FINAL WORDS OF CAUTION: Don't trip the juggler! Current systems use MOS (Metal Oxide Semiconductor). This RAM is fast but volatile. When power is lost, so is memory. During normal operation, the portions of the data base may exist in a state of flux. Frames are constantly moving from disk to memory and from memory to disk.
The Monitor can be likened to a juggler. If your system goes down be cause of a power failure, or hangs due to an internal system bug or hardware problem, then it is quite possible that the Monitor has been caught in mid-juggle. This can corrupt the data base. This corruption is called a GFE (group format error.) The worst case occurs when the overflow table (a table of unused disk frames) has been changed in physical memory, but not yet flushed to disk before the system went down.
In order to avoid data problems, the virtual machine must be given a chance to perform a graceful shutdown. The verb for this may be POWER-OFF, or SHUTDOWN, or :WARMSTOP, depending on the implementation. These processes make sure there are no active users and subsequently flush all WRITE REQUIRED buffers so that the system can be powered down with no data cor ruption.

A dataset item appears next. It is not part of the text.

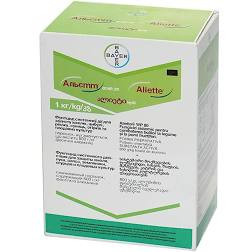 **Фунгіцид Альетт для Боротьби з Хворобами Рослин** **Характеристики:** - **Назва:** Альетт - **Діюча речовина:** фосетил алюмінію, 800 г/кг - **Препаративна форма:** Порошок, який змочується - **Характер дії пестициду:** Вибірковий - **Тип впливу на організм:** Системний - **Хімічний склад:** Неор...
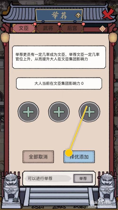 择优添加吏员后,点击“举荐”按钮。

Certain UPSs (Uninterruptible Power Supply) will detect a power problem and signal the machine to initiate a shutdown before everything goes to the dogs.
The moral of the story is to avoid a radical system reboot at all costs, especially if the system is in heavy use at the time. A terminal "hang" can be as simple as an X-OFF character (<ctrl>+S) having been pressed on the keyboard, (X-ON, <ctrl>+Q, should clear that up,) or it may be as complex as a failed board.

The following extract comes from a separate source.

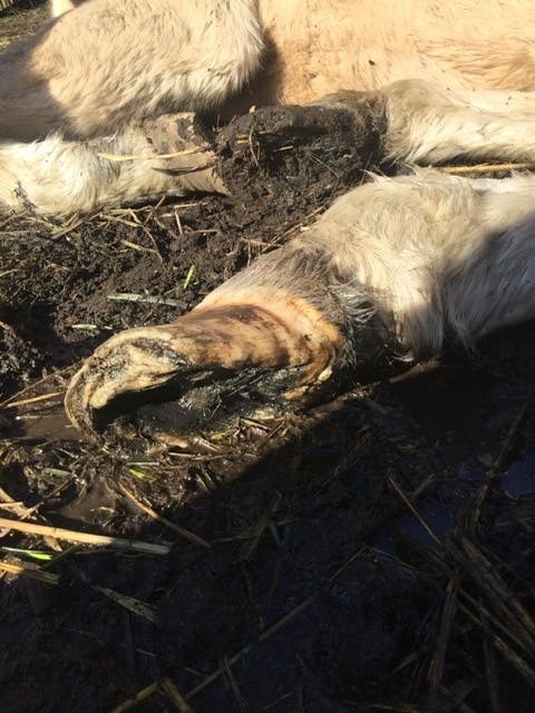 何年もお世話をしてもらえていなかったようで、蹄は伸び、ハイヒールを履いた状態とのこと

If a non-graceful reboot is required, the number of GFEs which might occur will vary based on the number of users that were addressing the disk at the time the system went down. In any case, don't let anyone on the system after it has been restarted, at least until the state of the system is resolved. GFEs are like booby traps hidden in the jungle. They may not show themselves until someone tries to use that part of the disk. Let people on slowly (one at a time). If no GFEs appear in the first few hours, you should be home free. In the worst case scenario, it may be necessary to do a full restore from the most recent file save and start the day over again.